I could have expounded in much greater detail Tillman’s offenses in the name of supremely flawed ideals and hatred, but they are easy enough to find online or in history books now, and my point regarding his name on a treasured landmark has been made. Knowing all this now, I am in favor of renaming Tillman Hall. I would be happy for the sake of historical continuity if it went back to being Main Hall. But this whole furor troubles me on another level that places me among those that could live with Tillman Hall remaining Tillman Hall.
I worked hard for four and half years to earn my four year Mechanical Engineering degree from Clemson University. For all of that time and all the time in the almost 30 years since my graduation (until the current controversy arose) I did not even once stop to consider who Tillman was. Tillman to me was a beautiful building of red brick, classic architecture, and a big clock, not a former Governor and Senator. I am sure I am not in the minority in this. Just as I am sure innumerable other institutions and municipalities across this nation have buildings bearing the names of people with skeletons in their closets (or openly sitting on their sofas) without most people even realizing it. In that sense, the names of segregationists, white supremacists, philanderers, wife beaters, cheaters, and all manner of shady human beings have been stripped of their original meaning and association, and been repurposed as names of steel and stone structures that benefit people, that mean something positive to people. Those bloody swords have already been beaten to ploughshares.
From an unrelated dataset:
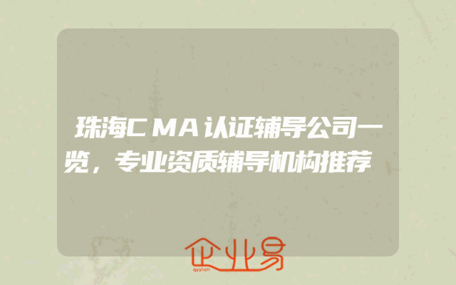 - 珠海CMA认证辅导公司一览,专业资质辅导机构推荐

The greater lessons of the past are with us, the greater sins of the past are still borne by us. Is it truly beneficial to investigate the trees when we know the forest so well? Right now racial tension in the US is higher than I have ever seen it in my adult life. In the Middle East and the Indian sub-continent gender discrimination is measured by the ever rising number of mutilated and murdered women and girls. Around the globe sweat shops enslave children and adults alike to service the insatiable appetite of the economic/industrial beast. Reviving old grudges serves no purpose other than making old wounds raw, and does not directly address the tensions and inequalities that still threaten to drown society today. Change the name of Tillman Hall now that particular Pandora’s Box has been opened. Move on to something greater. Nobody is counting brownie points earned from unearthing the dead who long ago lost their fight.